## Work order
Copy each record exactly as it reads, leaving out any pictures it holds.

(Exercise data begins)

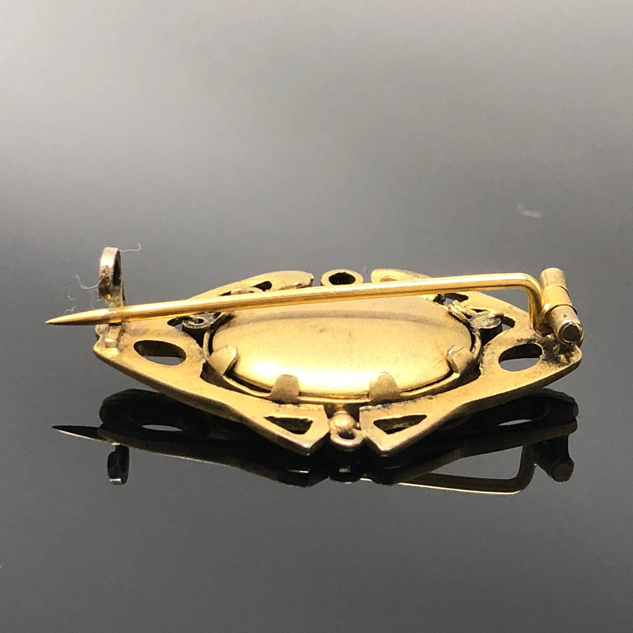 Antike Jugendstil Brosche aus den 1910 Jahren gefertigt aus vergoldetem Metall.
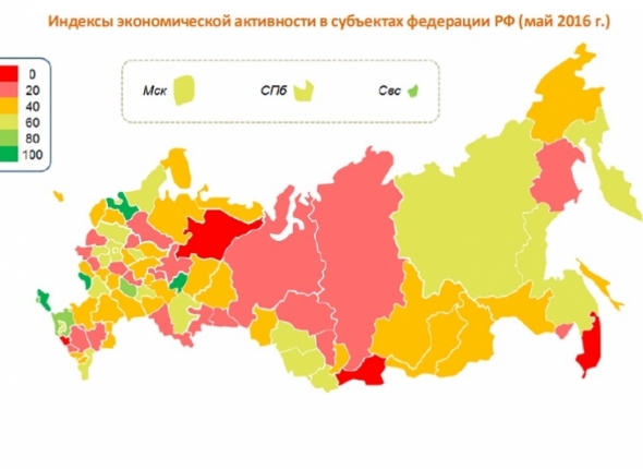 От 80% до 100% в оценке уровня экономической активности показали Белгородская и Ленинградская области, Краснодарский край, Удмуртия, Пензенская область и Крым с Севастополем.
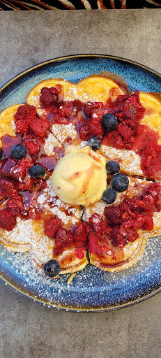 This place tries to attract a younger public with the lounge seats, music and young waitresses. We had some simple meals: chicken burgers and chicken nuggets, which were fine. I asked for a specific wine by the glass, and being a wine lover asked to take a picture of the bottle. It appeared to be a completely different wine, that wasn't even on the list. When the bill came, the burgers also appeared to be more expensive than in the menu, so we feel ripped off. This was our last visit...
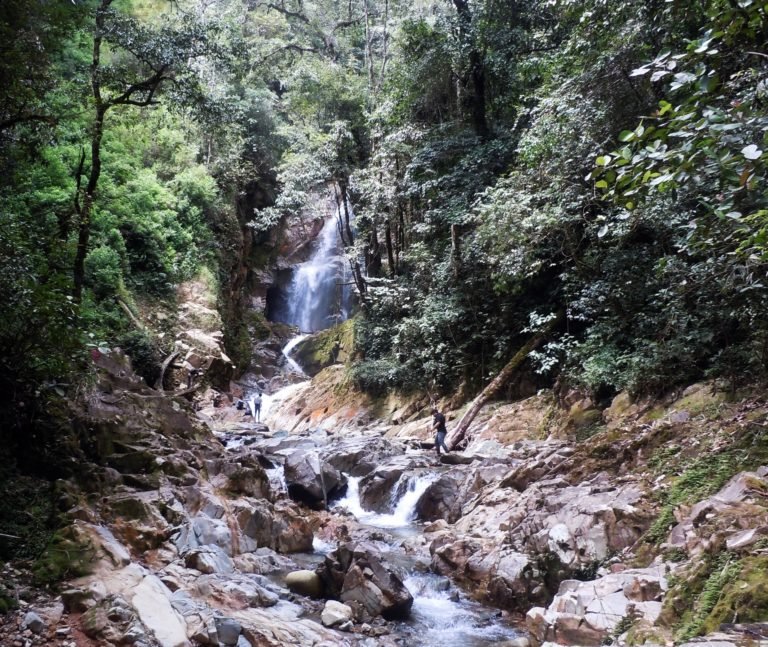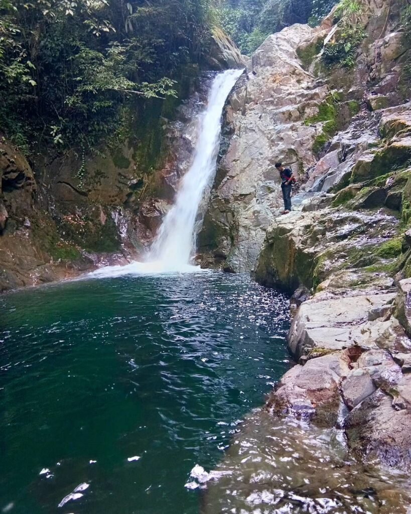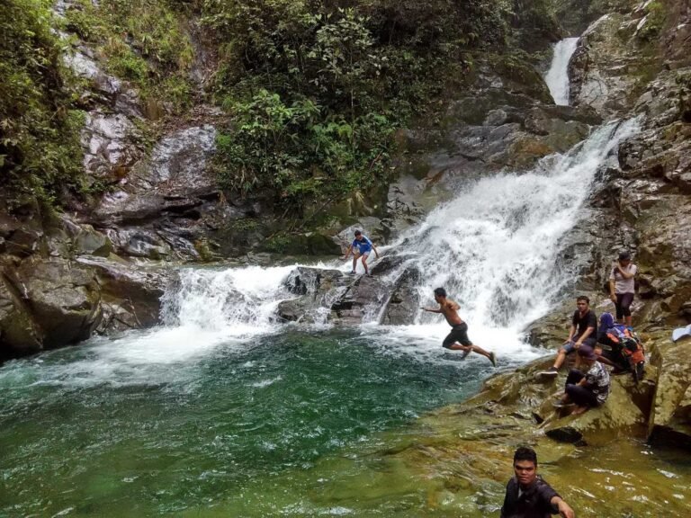 Untuk menuju lokasi air terjun perjalanan dilanjutkan dengan berjalana kaki selama kurang lebih satu atau dua jam melintasi jalur tracking dengan kondisi yang cukup berat. Disarankan anda menggunakan sepatu yang nyaman agar berjalan tidak terlalu melelahkan. Setelah melalui perjalanan yang berat Anda akan tiba di lokasi air terjun yang dikenal juga dengan nama Wisata Alam Pohon Damai. Jika Anda tidak ingin bermalam di lokasi air terjun sebaiknya perjalanan Anda dimulai sepagi mungkin agar bisa kembali sebelum matahari terbenam.
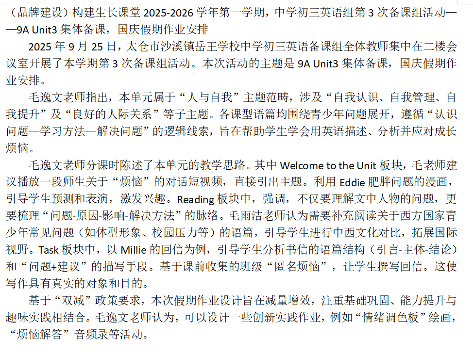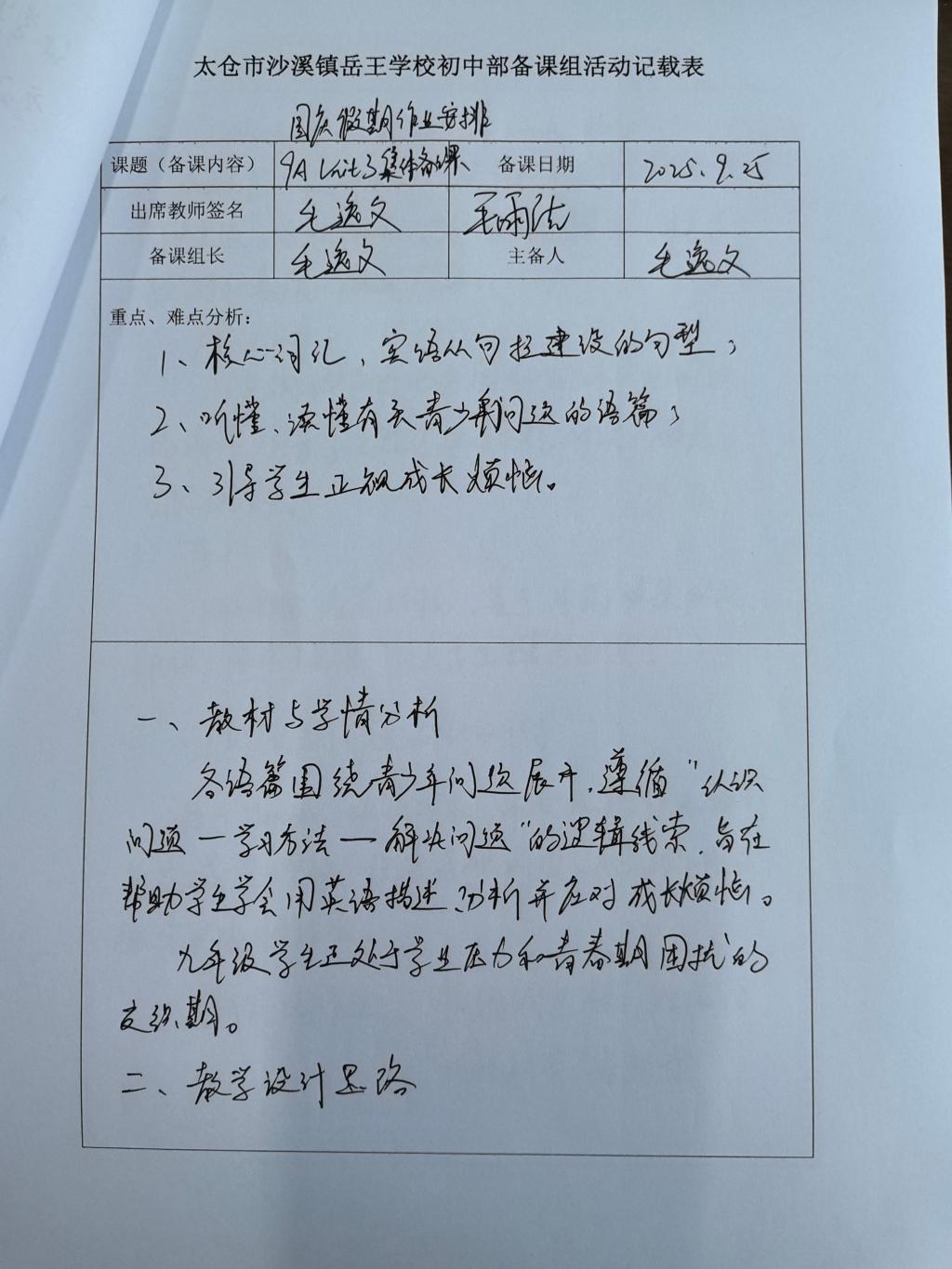 (品牌建设)构建生长课堂2025-2026学年第一学期,中学初三英语组第3次备课组活动——9A Unit3集体备课,国庆假期作业安排
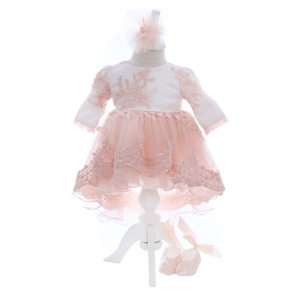 In lumea modei pentru copii, eleganta si rafinamentul se intalnesc intr-o creatie de neuitat - rochita cu trena din dantela, botosei asortati si bentita. Aceasta rochita este o capodopera a designului, potrivita pentru momentele speciale din viata micutei tale printese.
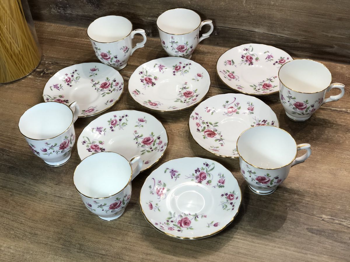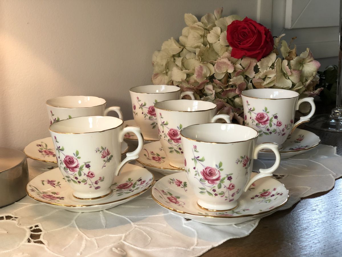 6 anciennes Tasses anglaises avec les 6 soucoupes Crown Staffordshire Porcelaine fine.
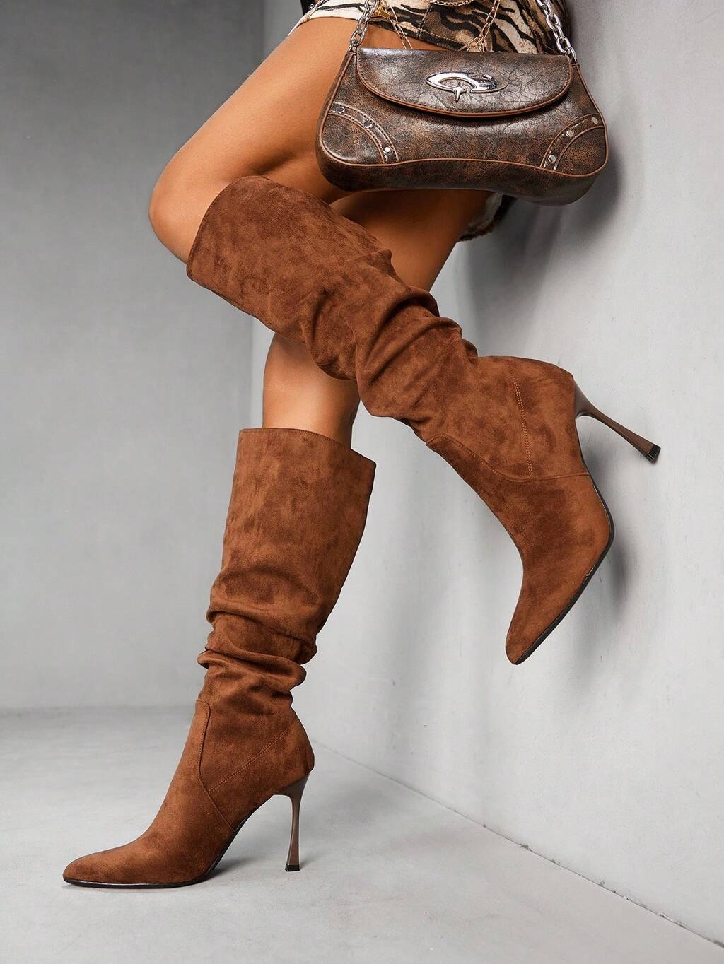 CUCCOO SZL Brown Side Zipper Pointed Toe Stiletto Heel Silver Button Fashionable Knee-High Boots For Women
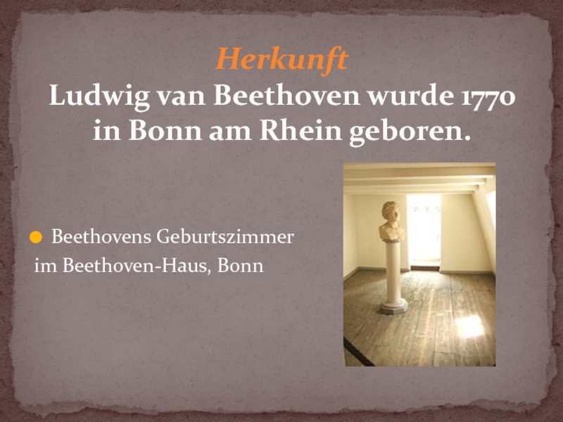 Beethovens Geburtszimmer im Beethoven-Haus, BonnHerkunft Ludwig van Beethoven wurde 1770 in Bonn am Rhein geboren.
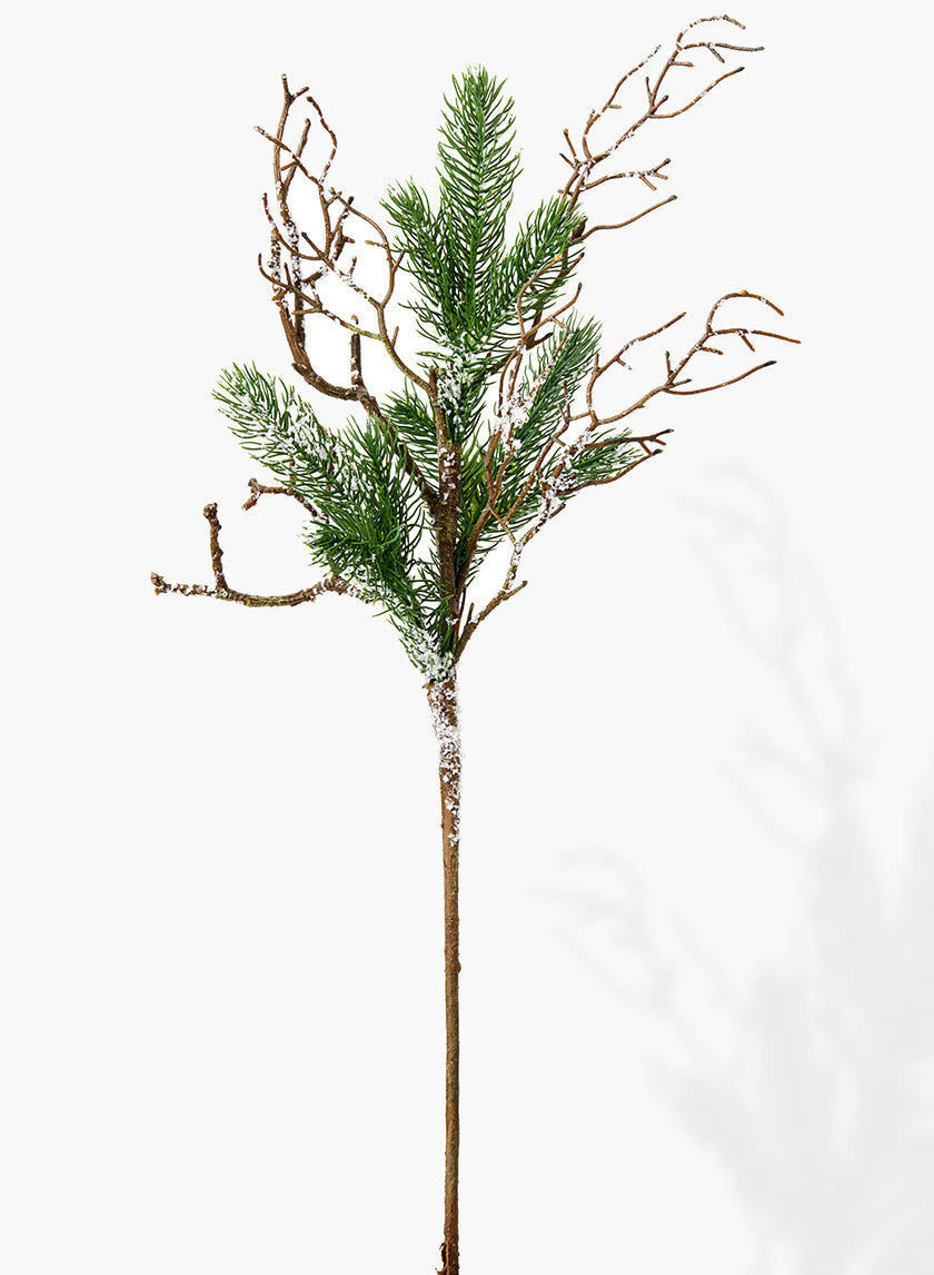 Its frosted needles and rough branches make it great for putting in a vase, on a holiday wreath, or as a table centerpiece. To make a snowy theme, mix it with other seasonal sprays or group multiple stems together.

(Exercise data ends)

## Answer space
 Antike Jugendstil Brosche aus den 1910 Jahren gefertigt aus vergoldetem Metall.
 От 80% до 100% в оценке уровня экономической активности показали Белгородская и Ленинградская области, Краснодарский край, Удмуртия, Пензенская область и Крым с Севастополем.
 This place tries to attract a younger public with the lounge seats, music and young waitresses. We had some simple meals: chicken burgers and chicken nuggets, which were fine. I asked for a specific wine by the glass, and being a wine lover asked to take a picture of the bottle. It appeared to be a completely different wine, that wasn't even on the list. When the bill came, the burgers also appeared to be more expensive than in the menu, so we feel ripped off. This was our last visit...
 Untuk menuju lokasi air terjun perjalanan dilanjutkan dengan berjalana kaki selama kurang lebih satu atau dua jam melintasi jalur tracking dengan kondisi yang cukup berat. Disarankan anda menggunakan sepatu yang nyaman agar berjalan tidak terlalu melelahkan. Setelah melalui perjalanan yang berat Anda akan tiba di lokasi air terjun yang dikenal juga dengan nama Wisata Alam Pohon Damai. Jika Anda tidak ingin bermalam di lokasi air terjun sebaiknya perjalanan Anda dimulai sepagi mungkin agar bisa kembali sebelum matahari terbenam.
 (品牌建设)构建生长课堂2025-2026学年第一学期,中学初三英语组第3次备课组活动——9A Unit3集体备课,国庆假期作业安排
 In lumea modei pentru copii, eleganta si rafinamentul se intalnesc intr-o creatie de neuitat - rochita cu trena din dantela, botosei asortati si bentita. Aceasta rochita este o capodopera a designului, potrivita pentru momentele speciale din viata micutei tale printese.
 6 anciennes Tasses anglaises avec les 6 soucoupes Crown Staffordshire Porcelaine fine.
 CUCCOO SZL Brown Side Zipper Pointed Toe Stiletto Heel Silver Button Fashionable Knee-High Boots For Women
 Beethovens Geburtszimmer im Beethoven-Haus, BonnHerkunft Ludwig van Beethoven wurde 1770 in Bonn am Rhein geboren.
 Its frosted needles and rough branches make it great for putting in a vase, on a holiday wreath, or as a table centerpiece. To make a snowy theme, mix it with other seasonal sprays or group multiple stems together.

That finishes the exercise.